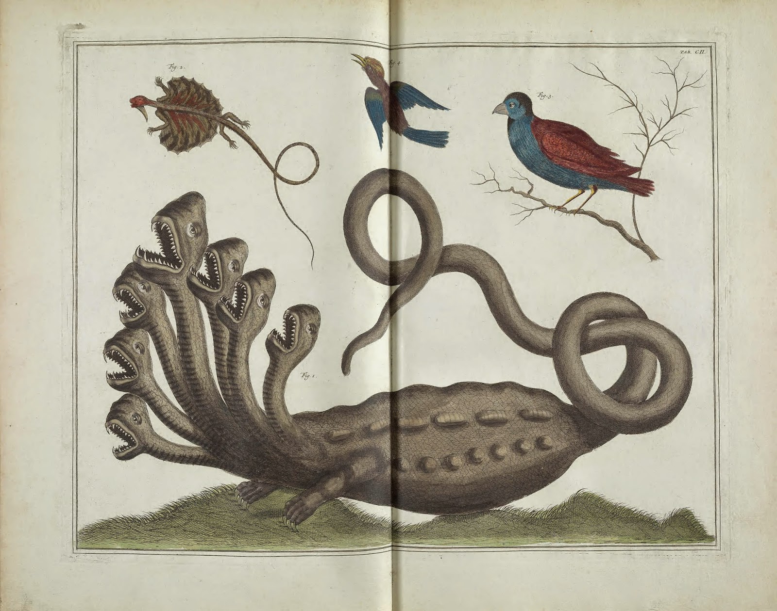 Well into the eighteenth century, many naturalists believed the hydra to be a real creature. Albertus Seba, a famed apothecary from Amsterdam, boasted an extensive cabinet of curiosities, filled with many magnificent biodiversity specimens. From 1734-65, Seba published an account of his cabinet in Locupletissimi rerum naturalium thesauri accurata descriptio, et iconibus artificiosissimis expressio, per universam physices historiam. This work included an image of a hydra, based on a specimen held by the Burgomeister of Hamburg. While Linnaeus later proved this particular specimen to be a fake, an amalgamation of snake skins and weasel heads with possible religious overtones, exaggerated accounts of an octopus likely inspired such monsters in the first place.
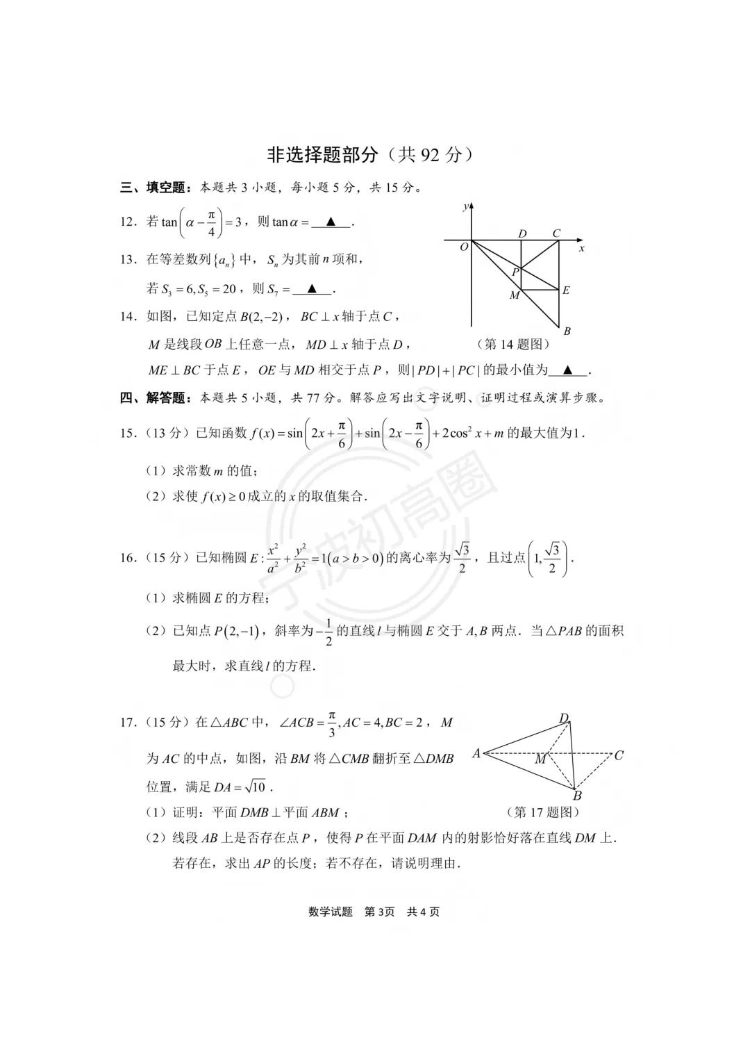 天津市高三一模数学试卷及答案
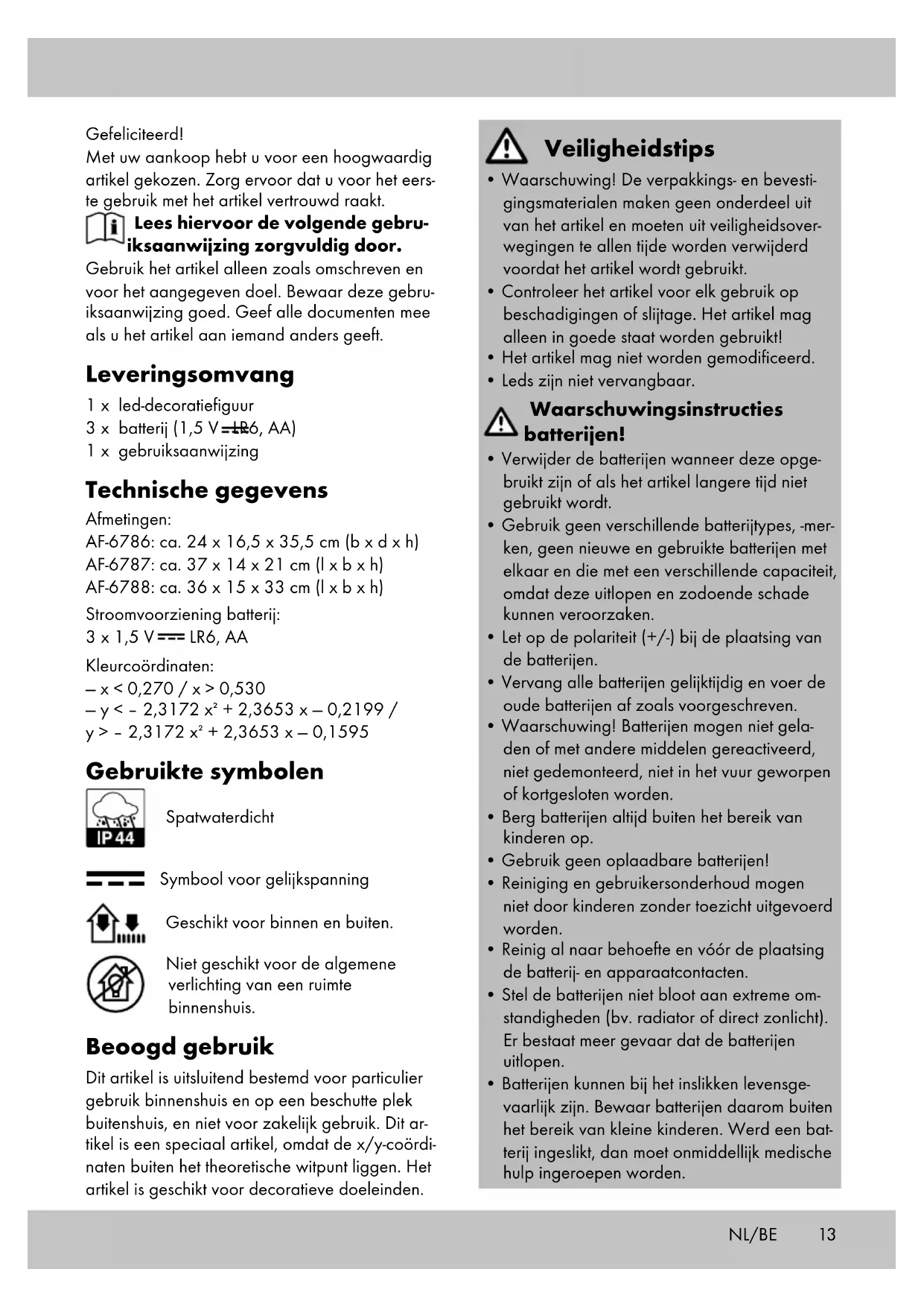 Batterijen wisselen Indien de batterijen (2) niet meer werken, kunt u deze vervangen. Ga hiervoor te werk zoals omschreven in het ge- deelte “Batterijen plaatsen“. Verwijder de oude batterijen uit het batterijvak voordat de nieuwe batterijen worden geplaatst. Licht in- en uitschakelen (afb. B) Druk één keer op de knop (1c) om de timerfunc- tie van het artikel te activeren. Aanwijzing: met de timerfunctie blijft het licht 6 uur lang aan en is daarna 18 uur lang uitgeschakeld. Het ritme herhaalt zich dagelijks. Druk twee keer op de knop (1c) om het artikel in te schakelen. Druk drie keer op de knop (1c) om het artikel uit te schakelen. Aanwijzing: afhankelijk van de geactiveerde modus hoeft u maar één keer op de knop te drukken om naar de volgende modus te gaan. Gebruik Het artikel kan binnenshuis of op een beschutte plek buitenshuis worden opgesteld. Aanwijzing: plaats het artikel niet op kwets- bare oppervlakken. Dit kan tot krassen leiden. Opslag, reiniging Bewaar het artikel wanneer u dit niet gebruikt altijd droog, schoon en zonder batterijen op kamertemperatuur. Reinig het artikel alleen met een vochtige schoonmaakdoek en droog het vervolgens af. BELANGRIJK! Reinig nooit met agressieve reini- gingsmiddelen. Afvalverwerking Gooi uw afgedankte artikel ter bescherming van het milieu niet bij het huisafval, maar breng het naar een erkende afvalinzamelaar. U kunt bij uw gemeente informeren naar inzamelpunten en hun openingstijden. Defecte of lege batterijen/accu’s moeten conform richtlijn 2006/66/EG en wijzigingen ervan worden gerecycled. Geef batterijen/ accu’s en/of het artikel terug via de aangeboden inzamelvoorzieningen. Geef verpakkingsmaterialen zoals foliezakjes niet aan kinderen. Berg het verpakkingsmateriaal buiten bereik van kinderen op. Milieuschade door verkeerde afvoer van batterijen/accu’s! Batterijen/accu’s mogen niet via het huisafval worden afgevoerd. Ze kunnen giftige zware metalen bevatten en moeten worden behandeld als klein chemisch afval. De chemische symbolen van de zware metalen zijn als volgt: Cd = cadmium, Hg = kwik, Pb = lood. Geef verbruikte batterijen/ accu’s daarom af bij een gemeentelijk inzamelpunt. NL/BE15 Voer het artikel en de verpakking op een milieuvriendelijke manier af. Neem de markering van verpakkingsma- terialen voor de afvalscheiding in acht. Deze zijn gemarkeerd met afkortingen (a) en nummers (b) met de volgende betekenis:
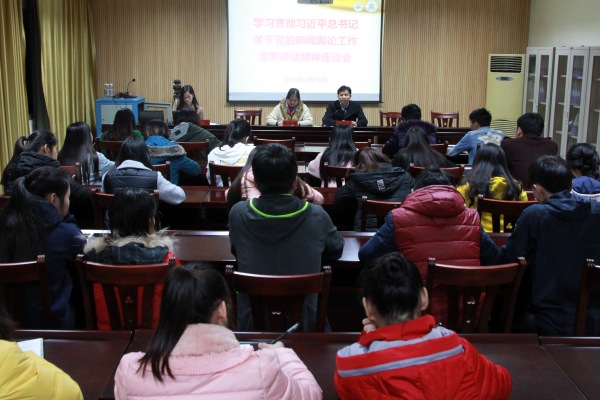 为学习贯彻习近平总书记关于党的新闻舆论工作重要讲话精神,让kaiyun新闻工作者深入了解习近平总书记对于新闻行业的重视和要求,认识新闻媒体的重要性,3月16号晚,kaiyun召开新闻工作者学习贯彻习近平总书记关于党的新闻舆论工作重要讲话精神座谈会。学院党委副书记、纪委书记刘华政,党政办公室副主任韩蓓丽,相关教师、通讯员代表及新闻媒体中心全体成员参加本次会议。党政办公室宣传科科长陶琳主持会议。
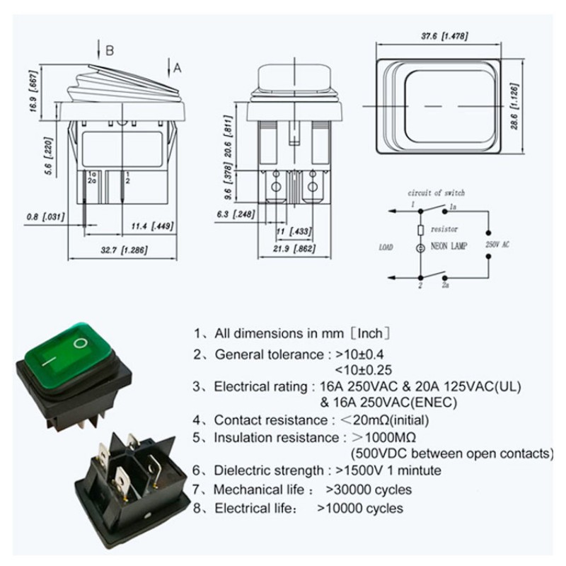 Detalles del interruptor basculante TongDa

----------------

**The task:** Images must not appear; print each record precisely as it reads.

**Answer area:**
 Well into the eighteenth century, many naturalists believed the hydra to be a real creature. Albertus Seba, a famed apothecary from Amsterdam, boasted an extensive cabinet of curiosities, filled with many magnificent biodiversity specimens. From 1734-65, Seba published an account of his cabinet in Locupletissimi rerum naturalium thesauri accurata descriptio, et iconibus artificiosissimis expressio, per universam physices historiam. This work included an image of a hydra, based on a specimen held by the Burgomeister of Hamburg. While Linnaeus later proved this particular specimen to be a fake, an amalgamation of snake skins and weasel heads with possible religious overtones, exaggerated accounts of an octopus likely inspired such monsters in the first place.
 天津市高三一模数学试卷及答案
 Batterijen wisselen Indien de batterijen (2) niet meer werken, kunt u deze vervangen. Ga hiervoor te werk zoals omschreven in het ge- deelte “Batterijen plaatsen“. Verwijder de oude batterijen uit het batterijvak voordat de nieuwe batterijen worden geplaatst. Licht in- en uitschakelen (afb. B) Druk één keer op de knop (1c) om de timerfunc- tie van het artikel te activeren. Aanwijzing: met de timerfunctie blijft het licht 6 uur lang aan en is daarna 18 uur lang uitgeschakeld. Het ritme herhaalt zich dagelijks. Druk twee keer op de knop (1c) om het artikel in te schakelen. Druk drie keer op de knop (1c) om het artikel uit te schakelen. Aanwijzing: afhankelijk van de geactiveerde modus hoeft u maar één keer op de knop te drukken om naar de volgende modus te gaan. Gebruik Het artikel kan binnenshuis of op een beschutte plek buitenshuis worden opgesteld. Aanwijzing: plaats het artikel niet op kwets- bare oppervlakken. Dit kan tot krassen leiden. Opslag, reiniging Bewaar het artikel wanneer u dit niet gebruikt altijd droog, schoon en zonder batterijen op kamertemperatuur. Reinig het artikel alleen met een vochtige schoonmaakdoek en droog het vervolgens af. BELANGRIJK! Reinig nooit met agressieve reini- gingsmiddelen. Afvalverwerking Gooi uw afgedankte artikel ter bescherming van het milieu niet bij het huisafval, maar breng het naar een erkende afvalinzamelaar. U kunt bij uw gemeente informeren naar inzamelpunten en hun openingstijden. Defecte of lege batterijen/accu’s moeten conform richtlijn 2006/66/EG en wijzigingen ervan worden gerecycled. Geef batterijen/ accu’s en/of het artikel terug via de aangeboden inzamelvoorzieningen. Geef verpakkingsmaterialen zoals foliezakjes niet aan kinderen. Berg het verpakkingsmateriaal buiten bereik van kinderen op. Milieuschade door verkeerde afvoer van batterijen/accu’s! Batterijen/accu’s mogen niet via het huisafval worden afgevoerd. Ze kunnen giftige zware metalen bevatten en moeten worden behandeld als klein chemisch afval. De chemische symbolen van de zware metalen zijn als volgt: Cd = cadmium, Hg = kwik, Pb = lood. Geef verbruikte batterijen/ accu’s daarom af bij een gemeentelijk inzamelpunt. NL/BE15 Voer het artikel en de verpakking op een milieuvriendelijke manier af. Neem de markering van verpakkingsma- terialen voor de afvalscheiding in acht. Deze zijn gemarkeerd met afkortingen (a) en nummers (b) met de volgende betekenis:
 为学习贯彻习近平总书记关于党的新闻舆论工作重要讲话精神,让kaiyun新闻工作者深入了解习近平总书记对于新闻行业的重视和要求,认识新闻媒体的重要性,3月16号晚,kaiyun召开新闻工作者学习贯彻习近平总书记关于党的新闻舆论工作重要讲话精神座谈会。学院党委副书记、纪委书记刘华政,党政办公室副主任韩蓓丽,相关教师、通讯员代表及新闻媒体中心全体成员参加本次会议。党政办公室宣传科科长陶琳主持会议。
 Detalles del interruptor basculante TongDa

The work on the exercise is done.